Very readable at just 8 pages, half of which are tables or references, I highly recommend downloading the PDF (just email me for a copy if the link stops working). For readers without the time though, let me pass on the abstract here instead (click on it to make it bigger), then some highlights:
— Unfortunately, the sampling method, explained on page 1004, is very poorly explained, and I think has some crucial typos. But in sum, out of 4,600 households in the survey, 5,485 women above the age of 19 “were selected for further analysis because complete data concerning their socioeconomic and health factors and body-related variables were available.” How many 19+ women were in the original household survey though, and how and why extra information about these 5,485 of them was available (e.g., were they randomly selected for further tests?), is not provided.

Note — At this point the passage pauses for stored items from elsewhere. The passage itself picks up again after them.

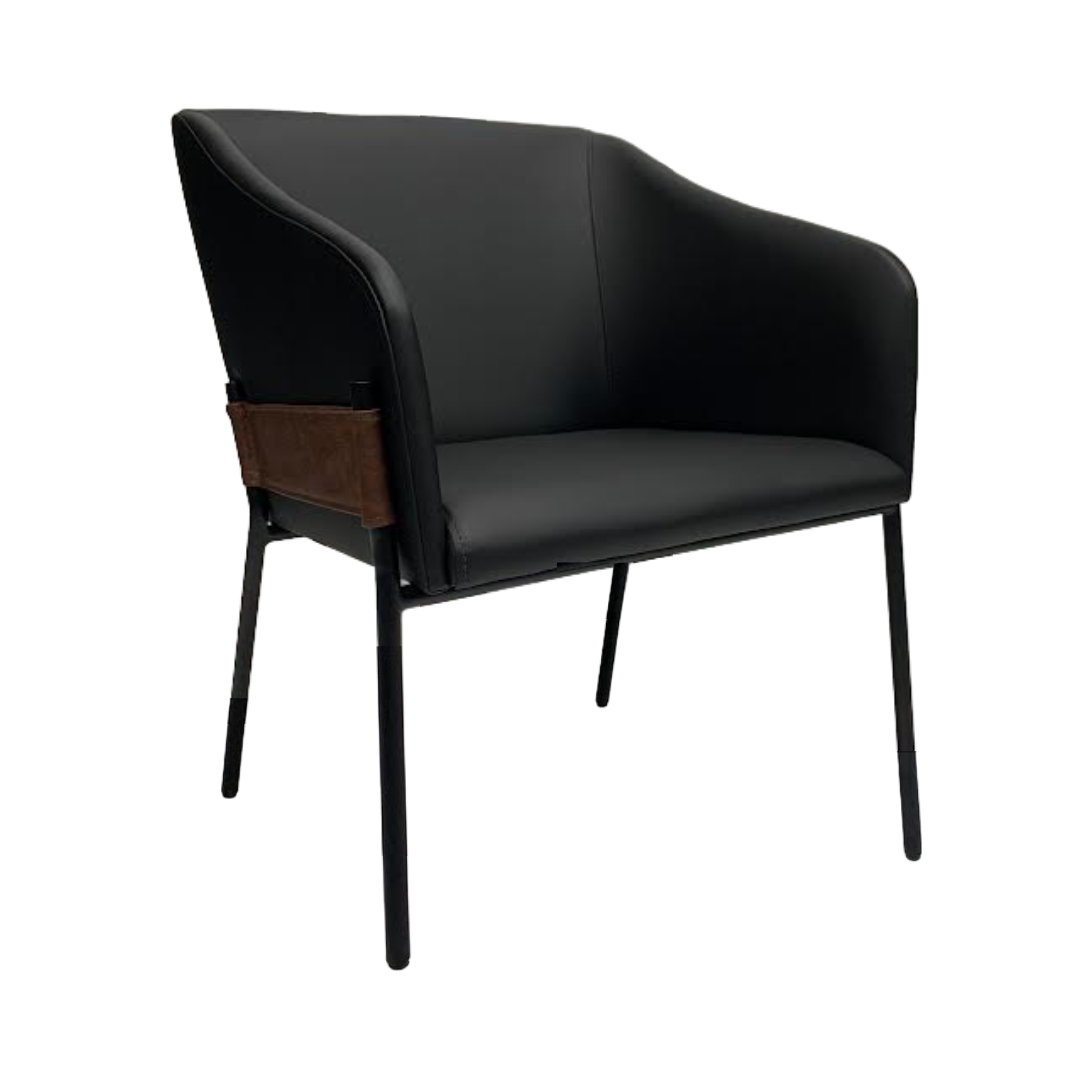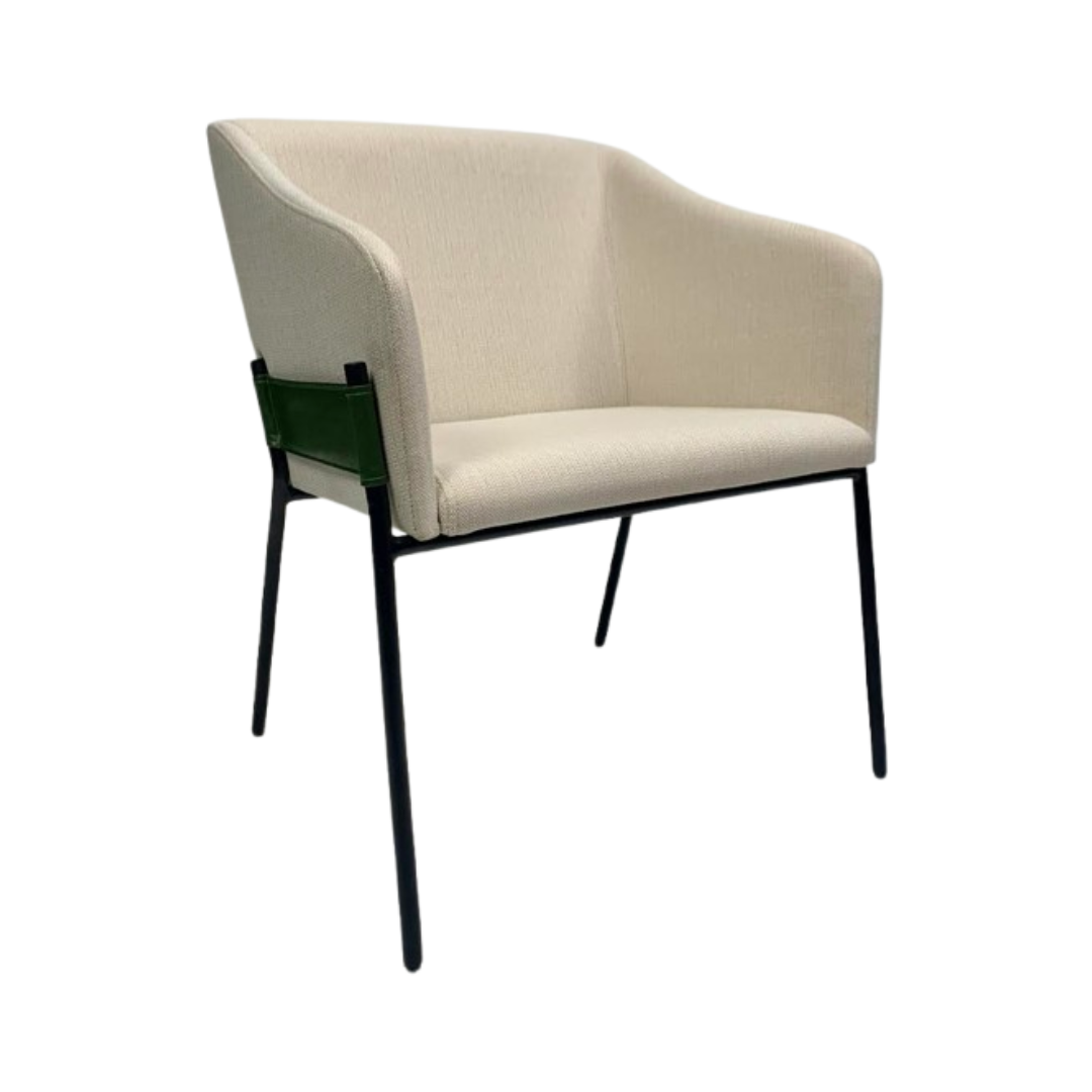 Poltrona fixa com diversas opções de revestimentos e base em aço pintado.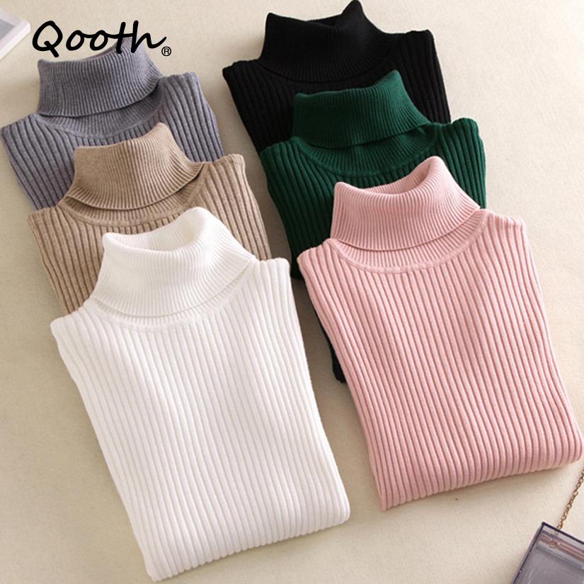 Qooth Rollkragenpullover für Damen Einfarbig Strickoberteil Langarm Essentielle Basics QT2788
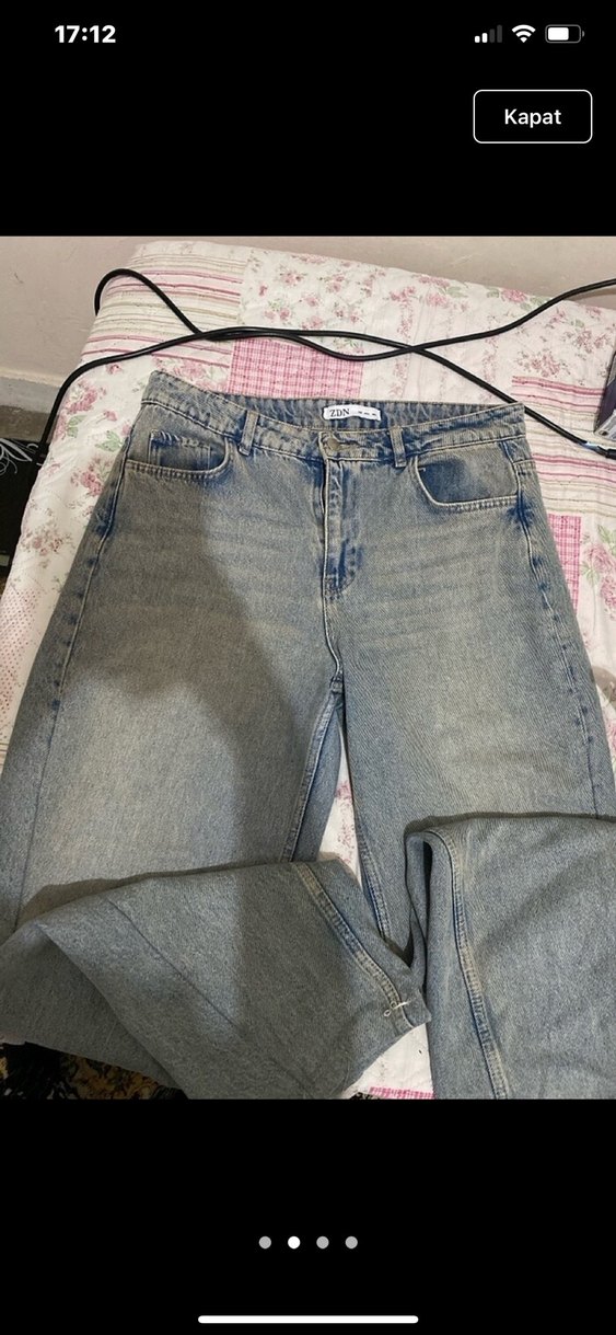 Gri bağlama desenli, düğmeli, bol kesim midi kot pantolon. Rahat ve gündelik kullanıma uygun normcore tarzda.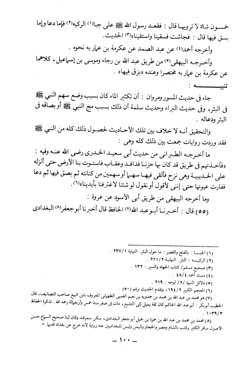 ما أخرجه الطبراني من حديث أبي سعيد الخدري رضي الله عنه وفيه: "فأخذتهم في طريق قد كان بها حزناً فدافد، وعقاب، فاستوت بنا الأرض حتى أنزله على الحديبية، وهي نزح، فألقى فيها سهما أو سهمين من كنانته ثم بصق فيها ثم دعا ففارت عيونها حتى إنني لأقول أو نقول لو شئنا لاغترفنا بأيدينا"6.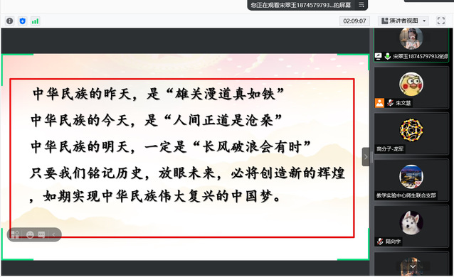宋翠玉带领大家沿着党的历次代表大会这条线索纵览党史,详细讲解了历次党代会的背景,主要内容及其影响和意义。从中共一大开天辟地的大事件,到中共十九大开启全面建设社会主义现代化国家新征程,党的发展并不是一帆风顺的,而是曲折性和前进性形影相随的,是在苦难中铸就辉煌的伟大历程。回顾党的百年奋斗史,我们曾经受了多次重大挫折,并且成功摆脱了这些困难。党曾多次经历关系自身前途命运及中国命运的历史关键点,而每一次党代会都召开在这些形势发展的关键时刻,深刻影响了中国的历史进程,历次党代会从历史纵向上清晰地反映了中国共产党对中国革命道路、中国特色社会主义道路的这种不懈的探索,同时也反映了党对马克思主义认识的不断深化以及对马克思主义中国化成果的与时俱进。只有细细品会、反复揣摩历代党代会,才能真正地读懂党的发展史。最后,宋翠玉总结道,中华民族的昨天,是“雄关漫道真如铁”,中华民族的今天,是“人间正道是沧桑”,中华民族的昨天,一定是“长风破浪会有时”,只要我们铭记历史,放眼未来,必将创造新的辉煌,如期实现中华民族伟大复兴的中国梦!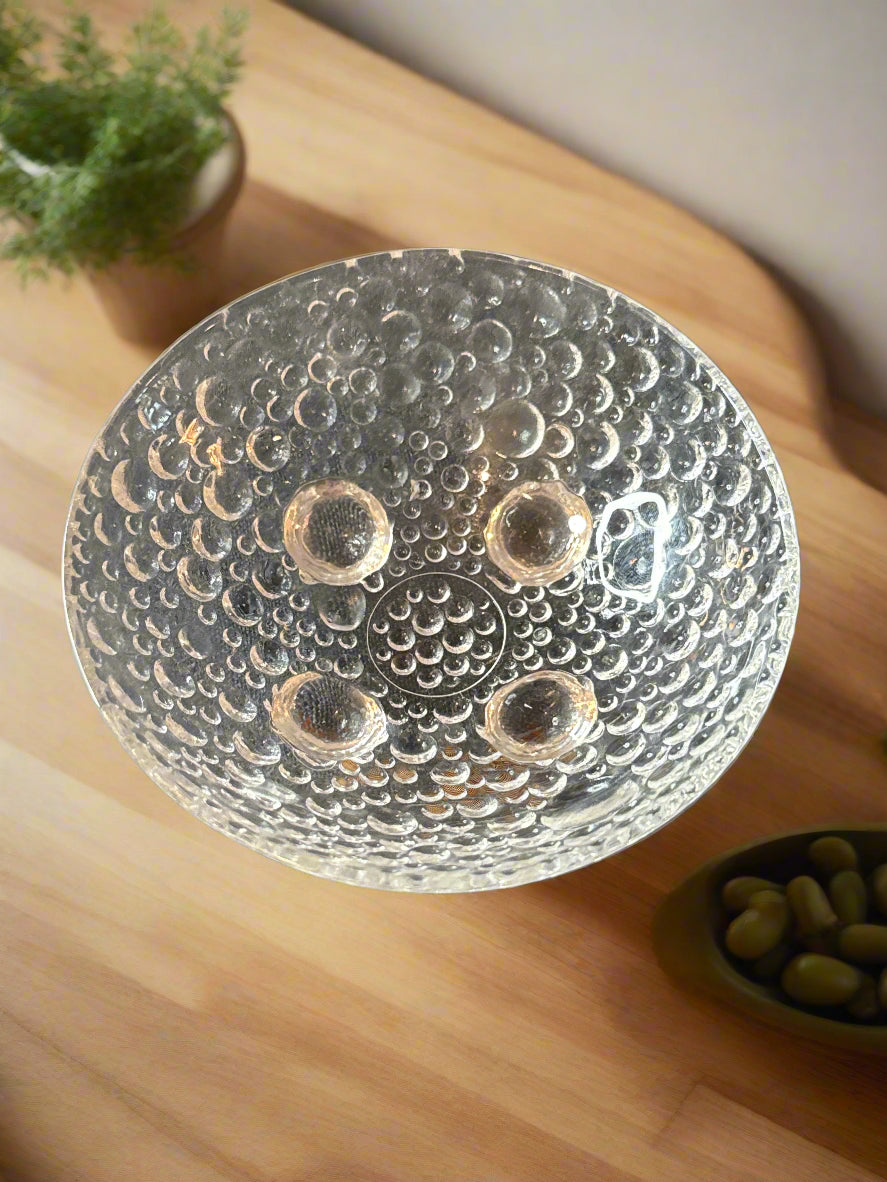 Glass Bubble Dessert/Sauce Bowl 4 3/8" Wide x 1.75" Tall Footed. Excellent condition, no chips or cracks. Currently have 10 in stock.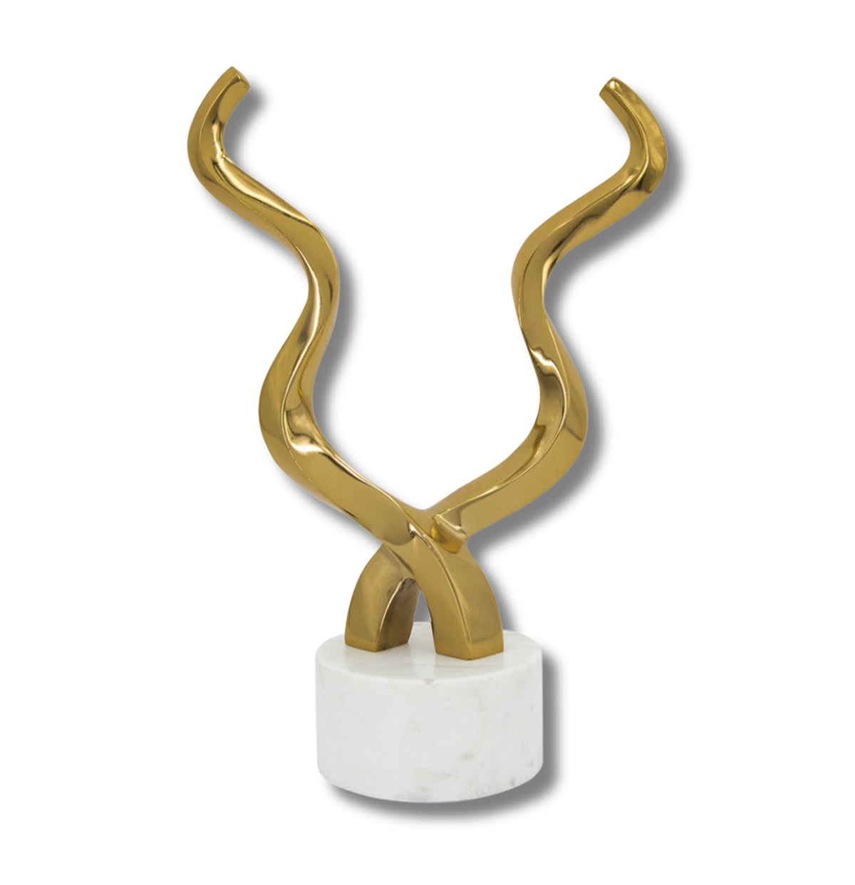 Enhance the ambiance of any room with this Grayson Gold & Marble Horn Sculpture. Its lavish gold finish exudes luxury, while the marble base adds a touch of refinement and stability. This unique sculpture is sure to be a conversation starter and captures the attention of any viewer. It's the perfect choice for those seeking a glamorous addition to their home decor, with its modern design and premium materials.

— Urinary cotinine “is widely used as a biomarker for smoking because of its high sensitivity and specificity,” the level of 50 ng/mL used here being a widely accepted cut-off level for indicating active, rather than passive smokers.
— Here are the figures by age bracket, with their standard errors. Unfortunately, I lack the statistical background to understand the discrepancies between reported and “analyzed” rates sorry (for example, 158 out of 704 is actually 22.4%):
- 19-29: 158 smokers out of 704 (23.1%, 2.0%)
- 30-39: 178 smokers out of 1075 (17.3%, 1.3%)
- 40-49: 134 smokers out of 1046 (13.5%, 1.2%)
- 50-59: 97 smokers out of 1001 (9.3%, 1.0%)
- 60-69: 70 smokers out of 919 (7.5%, 1.1%)
- 70+: 87 smokers out of 740 (12.1%, 1.5%)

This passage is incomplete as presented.